- _What the task requires_:
Exactly the lines starting at the line containing "If your opponent's" and ending at the line containing "بلندگو کواکسیال پایونیر" are to be written out from the listing below, both included.

- _Records for this exercise_:

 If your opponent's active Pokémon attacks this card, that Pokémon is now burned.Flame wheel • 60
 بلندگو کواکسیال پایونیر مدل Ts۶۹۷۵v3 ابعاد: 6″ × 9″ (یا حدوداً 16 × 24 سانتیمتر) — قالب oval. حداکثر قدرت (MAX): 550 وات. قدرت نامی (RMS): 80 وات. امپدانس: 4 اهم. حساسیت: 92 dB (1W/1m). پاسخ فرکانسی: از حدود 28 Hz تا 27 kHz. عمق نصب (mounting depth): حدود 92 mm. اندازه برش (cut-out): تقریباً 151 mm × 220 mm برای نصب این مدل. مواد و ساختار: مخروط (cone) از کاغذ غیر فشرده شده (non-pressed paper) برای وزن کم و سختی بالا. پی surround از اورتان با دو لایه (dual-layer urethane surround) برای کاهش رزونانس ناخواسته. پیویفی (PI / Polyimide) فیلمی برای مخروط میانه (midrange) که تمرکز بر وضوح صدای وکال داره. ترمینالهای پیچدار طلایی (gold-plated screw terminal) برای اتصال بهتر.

* * *

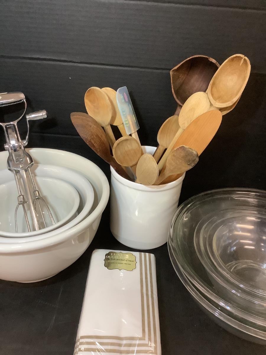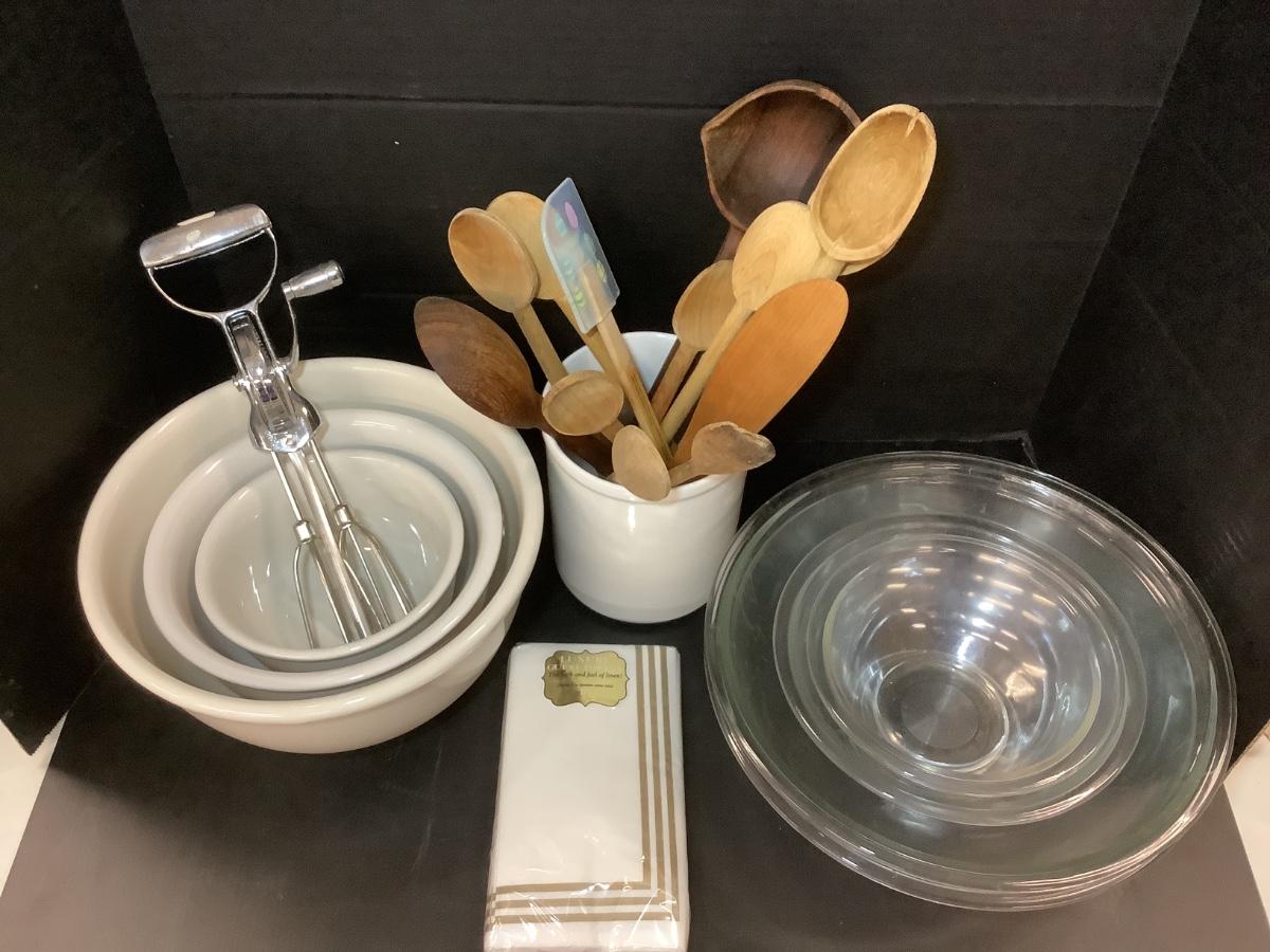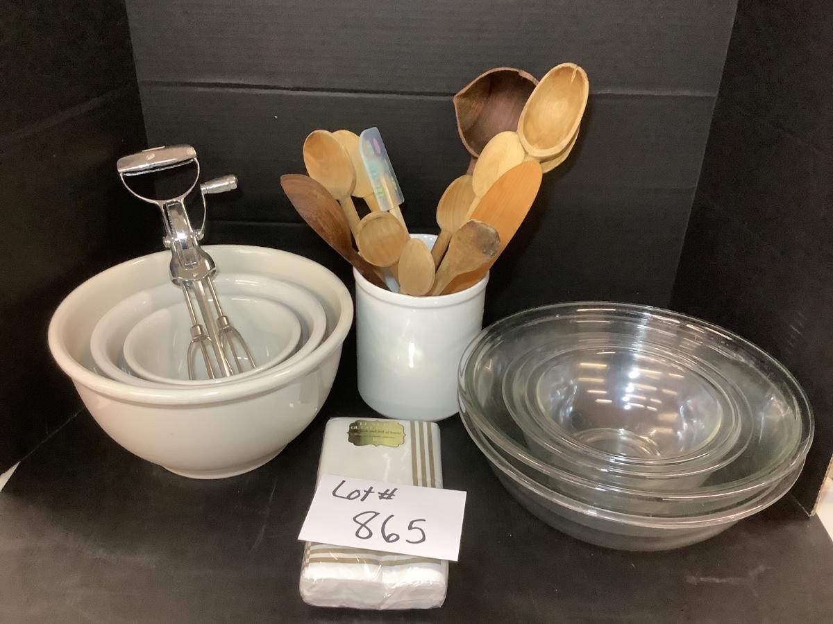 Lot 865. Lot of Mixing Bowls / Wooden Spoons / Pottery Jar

- _Task answer_:
 If your opponent's active Pokémon attacks this card, that Pokémon is now burned.Flame wheel • 60
 بلندگو کواکسیال پایونیر مدل Ts۶۹۷۵v3 ابعاد: 6″ × 9″ (یا حدوداً 16 × 24 سانتیمتر) — قالب oval. حداکثر قدرت (MAX): 550 وات. قدرت نامی (RMS): 80 وات. امپدانس: 4 اهم. حساسیت: 92 dB (1W/1m). پاسخ فرکانسی: از حدود 28 Hz تا 27 kHz. عمق نصب (mounting depth): حدود 92 mm. اندازه برش (cut-out): تقریباً 151 mm × 220 mm برای نصب این مدل. مواد و ساختار: مخروط (cone) از کاغذ غیر فشرده شده (non-pressed paper) برای وزن کم و سختی بالا. پی surround از اورتان با دو لایه (dual-layer urethane surround) برای کاهش رزونانس ناخواسته. پیویفی (PI / Polyimide) فیلمی برای مخروط میانه (midrange) که تمرکز بر وضوح صدای وکال داره. ترمینالهای پیچدار طلایی (gold-plated screw terminal) برای اتصال بهتر.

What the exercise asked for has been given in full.